Saved data entries:
+++++
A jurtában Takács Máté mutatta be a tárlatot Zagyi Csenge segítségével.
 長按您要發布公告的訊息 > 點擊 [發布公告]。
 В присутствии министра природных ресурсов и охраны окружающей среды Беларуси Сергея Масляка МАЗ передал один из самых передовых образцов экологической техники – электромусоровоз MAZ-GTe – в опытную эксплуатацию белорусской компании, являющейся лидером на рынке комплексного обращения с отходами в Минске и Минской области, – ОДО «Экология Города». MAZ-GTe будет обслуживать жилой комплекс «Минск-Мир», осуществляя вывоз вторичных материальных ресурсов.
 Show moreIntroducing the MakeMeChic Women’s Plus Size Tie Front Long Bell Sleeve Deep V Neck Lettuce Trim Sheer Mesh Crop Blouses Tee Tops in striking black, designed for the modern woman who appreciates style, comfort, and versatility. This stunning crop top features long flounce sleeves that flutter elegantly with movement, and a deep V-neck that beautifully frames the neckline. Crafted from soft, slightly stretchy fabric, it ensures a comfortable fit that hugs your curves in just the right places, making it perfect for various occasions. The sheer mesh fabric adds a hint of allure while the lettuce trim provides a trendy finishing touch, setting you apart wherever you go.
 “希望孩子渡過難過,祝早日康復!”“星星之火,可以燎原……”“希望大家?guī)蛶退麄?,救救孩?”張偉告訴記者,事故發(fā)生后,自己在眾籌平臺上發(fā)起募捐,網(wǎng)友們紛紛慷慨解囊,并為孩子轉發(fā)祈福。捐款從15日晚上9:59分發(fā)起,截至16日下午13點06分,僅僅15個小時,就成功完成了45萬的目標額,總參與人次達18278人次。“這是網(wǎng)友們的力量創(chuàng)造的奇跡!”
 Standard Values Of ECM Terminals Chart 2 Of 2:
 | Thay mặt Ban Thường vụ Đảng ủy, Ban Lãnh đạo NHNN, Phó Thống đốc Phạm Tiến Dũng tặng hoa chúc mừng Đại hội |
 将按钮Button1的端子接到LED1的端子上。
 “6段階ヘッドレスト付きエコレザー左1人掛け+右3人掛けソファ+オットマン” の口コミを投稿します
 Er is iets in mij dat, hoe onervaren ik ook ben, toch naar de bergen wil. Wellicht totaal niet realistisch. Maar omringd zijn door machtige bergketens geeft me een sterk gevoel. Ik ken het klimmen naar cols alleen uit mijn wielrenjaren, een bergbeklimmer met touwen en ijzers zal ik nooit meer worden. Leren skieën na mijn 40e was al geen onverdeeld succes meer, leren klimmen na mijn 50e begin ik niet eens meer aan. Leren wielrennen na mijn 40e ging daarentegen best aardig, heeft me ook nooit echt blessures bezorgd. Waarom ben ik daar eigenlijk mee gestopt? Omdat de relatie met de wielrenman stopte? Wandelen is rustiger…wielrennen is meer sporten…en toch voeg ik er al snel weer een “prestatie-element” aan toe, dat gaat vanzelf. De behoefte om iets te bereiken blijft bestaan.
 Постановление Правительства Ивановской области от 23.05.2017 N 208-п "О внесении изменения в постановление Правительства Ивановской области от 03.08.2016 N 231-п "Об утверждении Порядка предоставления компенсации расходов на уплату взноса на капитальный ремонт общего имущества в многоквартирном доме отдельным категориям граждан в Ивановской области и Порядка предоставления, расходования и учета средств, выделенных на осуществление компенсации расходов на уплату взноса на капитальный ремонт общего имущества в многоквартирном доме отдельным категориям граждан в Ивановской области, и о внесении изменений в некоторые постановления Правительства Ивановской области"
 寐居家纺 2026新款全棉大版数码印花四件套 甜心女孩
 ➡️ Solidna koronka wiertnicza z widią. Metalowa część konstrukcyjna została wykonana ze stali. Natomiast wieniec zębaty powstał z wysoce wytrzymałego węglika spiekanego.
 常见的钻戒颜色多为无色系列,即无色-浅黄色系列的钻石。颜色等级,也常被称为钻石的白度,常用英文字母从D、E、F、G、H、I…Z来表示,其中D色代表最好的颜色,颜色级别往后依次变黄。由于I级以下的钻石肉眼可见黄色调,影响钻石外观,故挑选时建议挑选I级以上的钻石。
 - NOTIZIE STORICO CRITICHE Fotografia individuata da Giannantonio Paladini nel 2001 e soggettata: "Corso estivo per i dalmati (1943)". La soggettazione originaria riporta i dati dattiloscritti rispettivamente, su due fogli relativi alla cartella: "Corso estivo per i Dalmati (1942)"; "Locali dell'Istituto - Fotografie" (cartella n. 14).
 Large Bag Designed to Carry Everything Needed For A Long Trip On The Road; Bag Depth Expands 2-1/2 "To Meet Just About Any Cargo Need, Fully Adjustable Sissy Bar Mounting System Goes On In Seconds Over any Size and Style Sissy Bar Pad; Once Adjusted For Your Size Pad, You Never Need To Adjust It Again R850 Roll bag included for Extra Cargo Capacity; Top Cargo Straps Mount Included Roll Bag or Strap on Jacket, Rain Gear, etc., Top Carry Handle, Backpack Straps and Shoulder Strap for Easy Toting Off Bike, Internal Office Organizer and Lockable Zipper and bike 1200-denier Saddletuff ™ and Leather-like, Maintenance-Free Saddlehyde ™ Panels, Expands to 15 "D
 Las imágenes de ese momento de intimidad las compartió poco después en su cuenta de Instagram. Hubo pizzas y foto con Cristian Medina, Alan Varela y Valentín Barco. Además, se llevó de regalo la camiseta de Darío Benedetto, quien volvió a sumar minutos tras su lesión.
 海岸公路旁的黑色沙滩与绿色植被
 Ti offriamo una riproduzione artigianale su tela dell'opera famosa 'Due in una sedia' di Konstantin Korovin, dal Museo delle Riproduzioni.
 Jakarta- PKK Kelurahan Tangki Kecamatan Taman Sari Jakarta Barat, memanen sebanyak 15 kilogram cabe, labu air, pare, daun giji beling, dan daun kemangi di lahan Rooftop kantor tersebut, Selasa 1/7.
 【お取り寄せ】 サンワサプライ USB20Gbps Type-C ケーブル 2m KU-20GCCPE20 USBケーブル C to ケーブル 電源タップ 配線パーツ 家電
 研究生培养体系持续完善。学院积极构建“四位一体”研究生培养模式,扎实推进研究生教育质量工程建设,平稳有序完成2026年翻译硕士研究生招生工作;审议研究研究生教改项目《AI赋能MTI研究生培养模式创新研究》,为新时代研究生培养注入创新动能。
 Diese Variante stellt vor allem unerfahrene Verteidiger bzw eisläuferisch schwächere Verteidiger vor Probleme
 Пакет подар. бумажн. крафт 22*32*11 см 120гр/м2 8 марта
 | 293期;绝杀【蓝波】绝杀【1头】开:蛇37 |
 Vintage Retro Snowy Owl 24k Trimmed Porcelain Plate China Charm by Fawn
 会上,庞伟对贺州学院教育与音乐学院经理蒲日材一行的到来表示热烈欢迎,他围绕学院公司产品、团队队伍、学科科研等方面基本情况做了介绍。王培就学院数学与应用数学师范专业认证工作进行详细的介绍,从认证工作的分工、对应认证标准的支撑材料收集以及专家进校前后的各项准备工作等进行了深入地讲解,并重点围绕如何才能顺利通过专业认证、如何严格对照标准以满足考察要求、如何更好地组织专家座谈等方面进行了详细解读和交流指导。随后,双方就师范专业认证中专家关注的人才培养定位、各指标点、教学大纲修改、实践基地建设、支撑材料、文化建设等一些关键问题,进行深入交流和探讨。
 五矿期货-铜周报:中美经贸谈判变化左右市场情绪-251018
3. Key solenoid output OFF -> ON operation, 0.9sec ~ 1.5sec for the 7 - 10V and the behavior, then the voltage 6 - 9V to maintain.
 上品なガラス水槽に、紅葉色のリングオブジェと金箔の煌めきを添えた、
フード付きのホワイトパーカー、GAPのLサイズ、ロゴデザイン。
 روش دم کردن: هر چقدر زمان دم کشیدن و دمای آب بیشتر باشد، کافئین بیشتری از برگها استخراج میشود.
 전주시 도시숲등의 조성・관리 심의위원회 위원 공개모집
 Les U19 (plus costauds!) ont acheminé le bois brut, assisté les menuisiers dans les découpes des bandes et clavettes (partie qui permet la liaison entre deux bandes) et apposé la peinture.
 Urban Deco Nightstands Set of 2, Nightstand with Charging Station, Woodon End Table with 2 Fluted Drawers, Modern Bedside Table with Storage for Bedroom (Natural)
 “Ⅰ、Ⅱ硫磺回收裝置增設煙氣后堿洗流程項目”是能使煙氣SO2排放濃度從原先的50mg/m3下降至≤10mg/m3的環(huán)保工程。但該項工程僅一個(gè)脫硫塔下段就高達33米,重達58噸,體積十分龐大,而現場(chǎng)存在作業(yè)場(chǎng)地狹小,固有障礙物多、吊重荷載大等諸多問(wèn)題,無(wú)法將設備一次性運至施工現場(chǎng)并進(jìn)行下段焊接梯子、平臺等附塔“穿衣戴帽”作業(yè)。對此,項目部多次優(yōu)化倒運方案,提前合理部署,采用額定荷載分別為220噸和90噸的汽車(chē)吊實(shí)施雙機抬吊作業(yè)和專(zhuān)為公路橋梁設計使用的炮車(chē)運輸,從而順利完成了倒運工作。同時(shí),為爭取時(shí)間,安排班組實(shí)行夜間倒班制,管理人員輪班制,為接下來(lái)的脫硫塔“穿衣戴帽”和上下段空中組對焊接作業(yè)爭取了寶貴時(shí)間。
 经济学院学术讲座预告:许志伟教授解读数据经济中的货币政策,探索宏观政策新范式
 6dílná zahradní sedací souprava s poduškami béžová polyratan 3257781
+++++
Copy the lines from the start of the data verbatim, stopping after the line containing "В присутствии министра".

• Reply:
A jurtában Takács Máté mutatta be a tárlatot Zagyi Csenge segítségével.
 長按您要發布公告的訊息 > 點擊 [發布公告]。
 В присутствии министра природных ресурсов и охраны окружающей среды Беларуси Сергея Масляка МАЗ передал один из самых передовых образцов экологической техники – электромусоровоз MAZ-GTe – в опытную эксплуатацию белорусской компании, являющейся лидером на рынке комплексного обращения с отходами в Минске и Минской области, – ОДО «Экология Города». MAZ-GTe будет обслуживать жилой комплекс «Минск-Мир», осуществляя вывоз вторичных материальных ресурсов.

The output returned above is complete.